During a recent email conversation with Damien Mulley on the risks posed to dial up users I also discussed with him how the rapid advancement of technology is making older technology more dangerous. The following is a summation of that conversation and hopefully it will provide you with some food for thought.
Despite the media splashes regarding the latest and greatest operating systems, database platforms and applications many companies are at risk from technology that has been around for many years. This is due to the fact that most large companies still rely on old technology, such as Digital VAX servers, to run proprietary business critical systems. Some of these systems have been in place since the 90s or indeed the 80s (I know I could have said the last century but that makes ME feel too old). The number of people with skills in those areas is rapidly dwindling as they retire or indeed die. On top of that, some of these companies, for example Digital, no longer exist so their operating system and software are not being developed, maintained and patched as regularly as more modern systems leaving these older platforms more vulnerable.
To compound the issue, many of these old proprietary systems were initially designed and set up when the Web was still a glimmer in Tim Berners-Lee eye. These systems which were designed to be not connected to any external networks were by default that bit more secure as the only people who could connect to them could only be connected to the company’s own internal network via expensive terminals. In addition, these systems kept all the data centrally and not distributed on desktops in spreadsheets or personal databases. But now with the demand for networks and connectivity they are invariably connected to the Internet in some manner with their data scattered to every device on the network and face the threats and dangers that brings.
Obsolete hardware also places these older systems at risk. Some critical business systems may be running on equipment that spare parts are becoming increasingly hard to find, resulting in prolonged outages while parts are sourced and/or people with the skills to repair the machines are found.
Software manufacturers also continue to rapidly release new versions of their software which can unwittingly force companies into using obsolete, unsupported and as a result insecure systems. A company that has proprietary in-house systems with a database platform at its core may not be able to fully test the latest release of the database software in time to ensure that it does not break their application or any other dependent systems. IT managers will focus on keeping the system running rather than taking it down to apply a patch.

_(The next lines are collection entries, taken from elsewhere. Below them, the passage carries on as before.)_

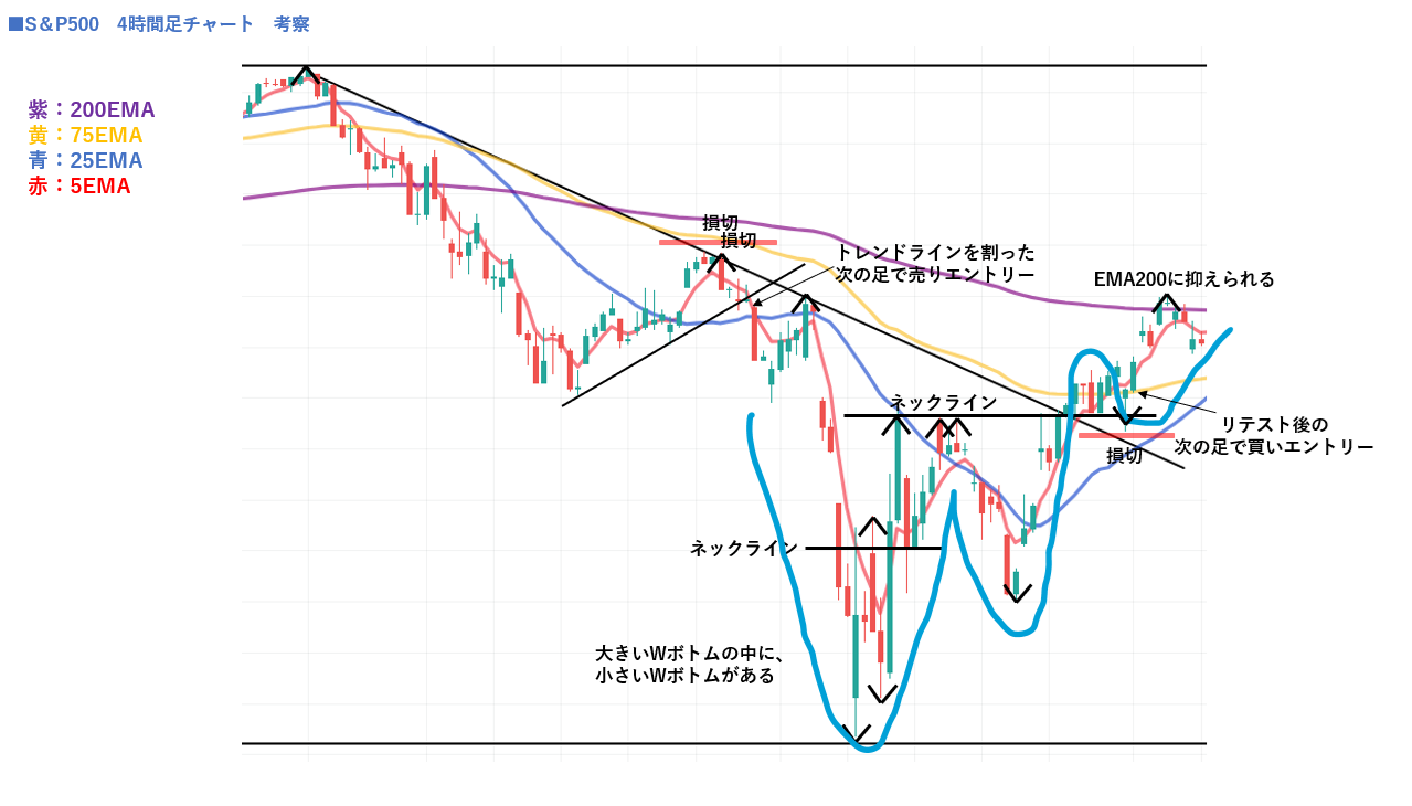 S&PP500「関税ショック」から学ぶ:週足→日足→4時間足で見る押し目・戻り・トレンド転換
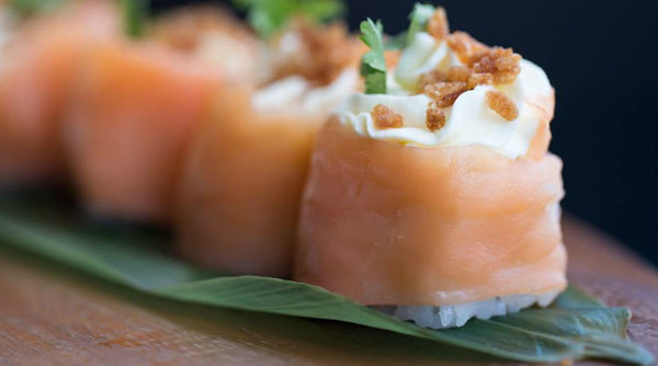Shrimp tempura, sushi rice, Philadelphia cheese, black sesame & salmon, served with sweet chill sauce
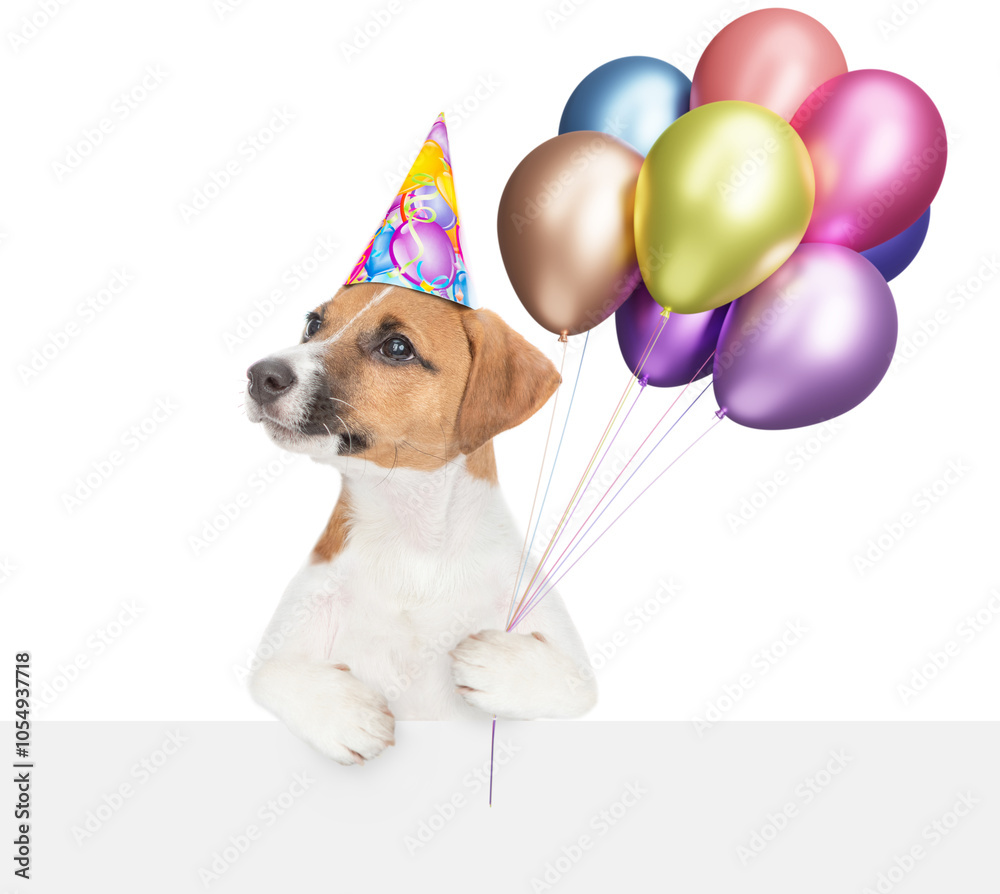 Cute jack russell terrier puppy wearing party cap holding balloons above blank white banner and looking away on empty space. isolated on white background
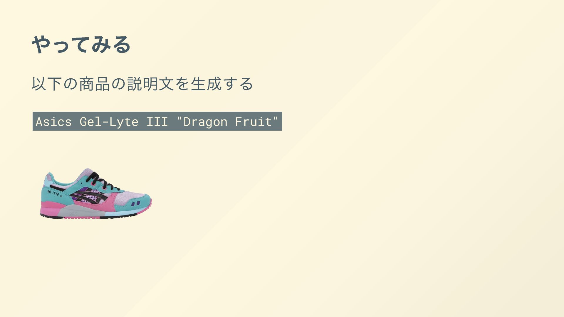 やってみる 以下の商品の説明文を生成する Asics Gel-Lyte III "Dragon Fruit"
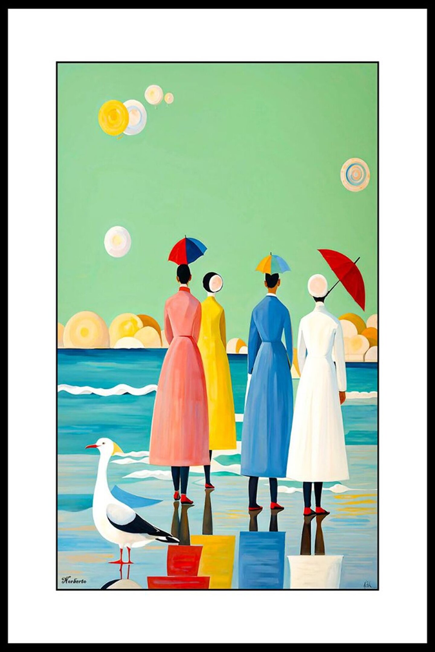 Yağmurda Kadınlar Digital Art ( ÇERÇEVESİZ - ÇERÇEVE YOKTUR ) ( ULTRA HD ) FOLYO AFİŞ - POSTER
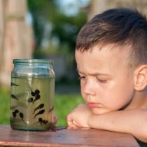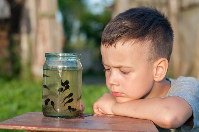 Suche nach Kaulquappen von Fröschen und Kröten am See.
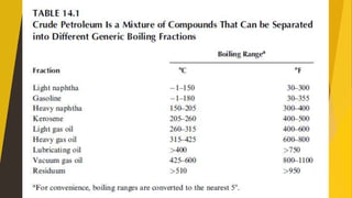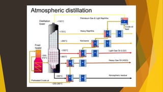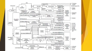 The document discusses petroleum refining processes. It begins with an overview of refining which involves separating petroleum into fractions and treating them to produce marketable products. It then discusses four major forces that have influenced the development of refining processes: demand for products, feedstock supply, environmental regulations, and new technology. Next, it provides historical context starting with early refining focused on kerosene production. It then outlines the main categories of modern refining processes: separation, conversion, and finishing. The document dives deeper into specific separation processes like dewatering/desalting, distillation, and vacuum distillation.
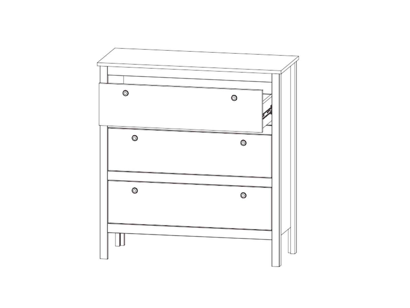 3 выдвижных ящика на металлических шариковых направляющих полного выдвижения
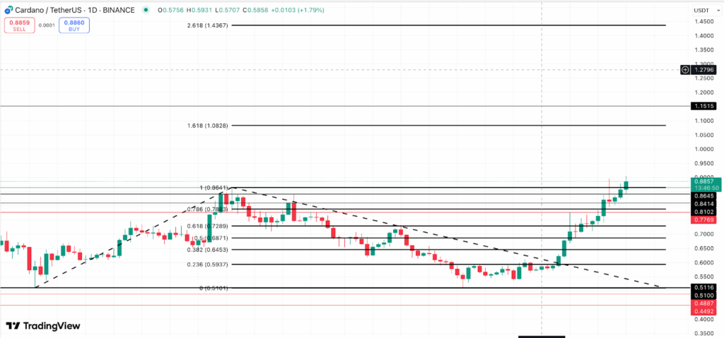 卡尔达诺价格突破0.8838美元关口,看涨预期指向1.43美元目标位

Any issues identified in testing the new release of the database software could force the application to be rewritten which again has to be fully tested. Depending on the organisation, the skills and resources available and the availability of test systems, this whole cycle can take quite a long time to complete. I know of companies whose core systems are running on operating systems or database platforms (or indeed both) that are no longer supported by the vendors. The result is that key systems that are being used in banking environments, financial companies, hospitals or systems managing critical infrastructure are potentially at risk of being more easily compromised because they are running on outdated and as a result unpatched systems. I know of at least one financial company that is running a critical system on Windows NT Server 4.0.
Of course the counter argument to the above is that new technology is also making things less secure. Everything is now coming with bluetooth/wi-fi enabled so you can connect to anything, anyone anywhere. But of course anything, anyone can connect to you. Web 2.0 is advancing at a rate of knots with new systems and ways of sharing information exploding around us. Social networks, Google Docs, etc. are enable easier sharing of information but how secure are these? We may be running Web 2.0 at the moment but unfortunately we are still at Security 1.0 – if even that.
However, no matter what vintage your systems are you still need to ensure that they are available and secure. Our role as information security professionals is not to deploy and use the latest and greatest technology, but to ensure that the business can continue to function in a secure and safe manner. So to counter the above;
- Ensure you do a thorough risk assessment and identify the main risks facing those archaic systems.
- Identify ways you can control those risks such as segmenting your network, controlling traffic to these systems from specific workstations or blocking unwanted traffic using firewalls.
- Present your findings to the business highlighting the risks, what is currently in place and what needs to be put in place.
- Get the business to sign off and accept the risks based on the controls you are able to get in place.
- Ensure you have updated your business continuity plan to factor in how to recover older systems should they fail.
- Ensure you update you incident response plan in the event those systems are breached.